Published:August 27, 2022DOI:https://doi.org/10.1016/j.jsams.2022.08.012

      Abstract

      Objectives

      To assess whether the King-Devick (K D) test is useful as a prognostic test for prolonged concussion symptoms by examining the relationship between a) change in performance on K D test from baseline to within two days post-injury and b) the absolute K D time at post-concussion testing, with an outcome of time to return to play (RTP).

      Design

      Prospective Cohort Study.

      Methods

      Collegiate varsity athletes in the Concussion Assessment, Research, and Education (CARE) Consortium completed baseline and post-injury King-Devick tests from 2014 to 2018. Two exposures were evaluated: 1) change in K D score from baseline to within two days post-injury and 2) absolute K D score within two days post-injury, adjusted for baseline K D. We used Cox proportional hazards models to analyze the relationships between these exposures and time to RTP post-concussion.

      Results

      A total of 309 concussion injuries were included.
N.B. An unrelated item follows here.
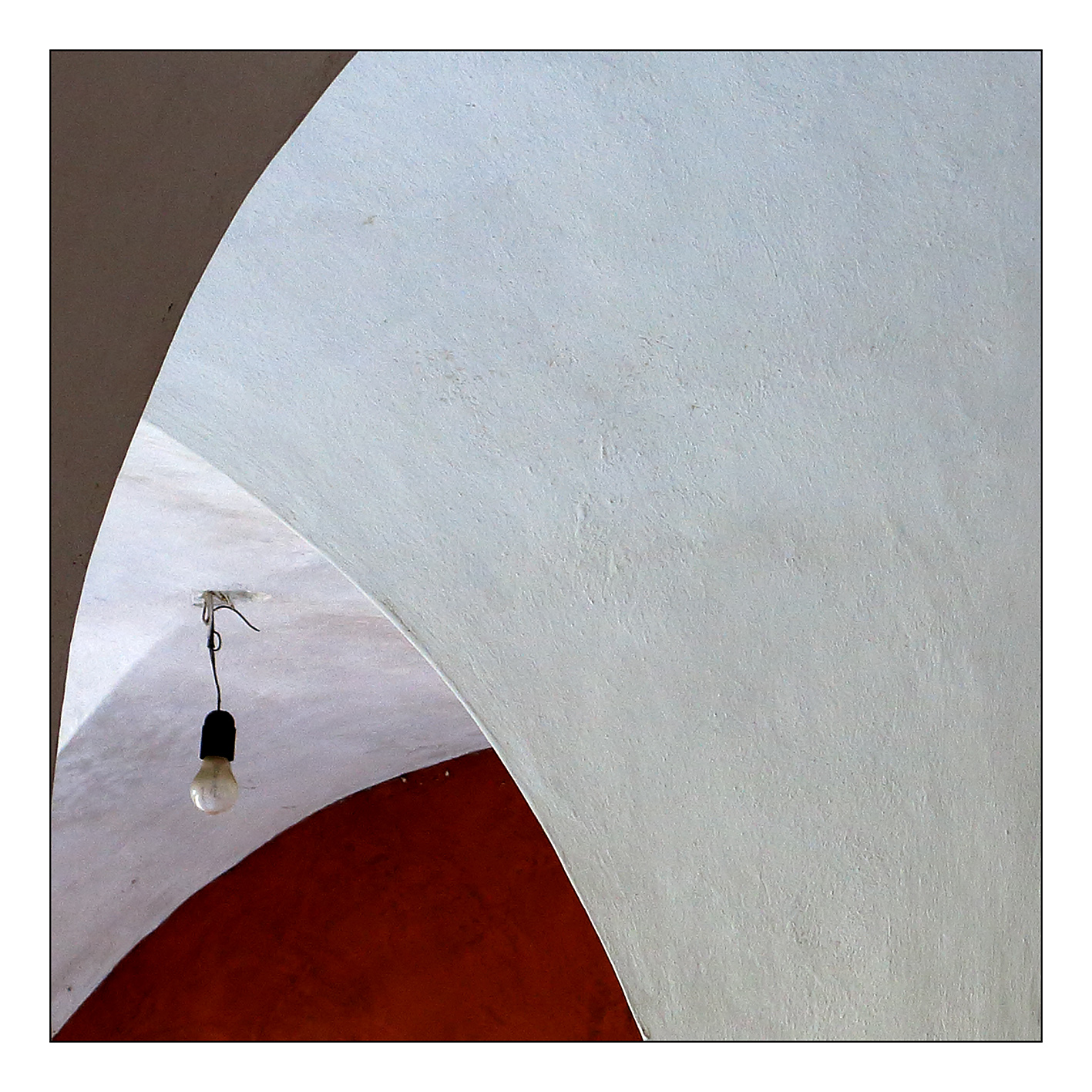 Bel gioco di linee curve, accentuato dai colori ben distribuiti ed equilibrato dalla lampadina Con pochissimo una buona foto , bravo!

Median baseline K D score was 40.0 s (IQR: 35.8, 45.2). Median post-injury K D score was 45.8 s (IQR: 39.8, 57.1). Median number of days until RTP in this cohort was 11 (IQR: 8, 17). Post-injury K D score adjusted for baseline K D had a stronger association with time to RTP duration (HR: 0.99 (0.98, 1.00), p = 0.03) than the difference in K D score from baseline to post-injury (HR: 0.99 (0.99, 1.00), p = 0.07).

      Conclusions

      Higher post-injury K D scores are associated with longer RTP. The association between K D post-concussion test and longer RTP warrants further investigation to assess the utility of the K D for prognostication in a clinical setting.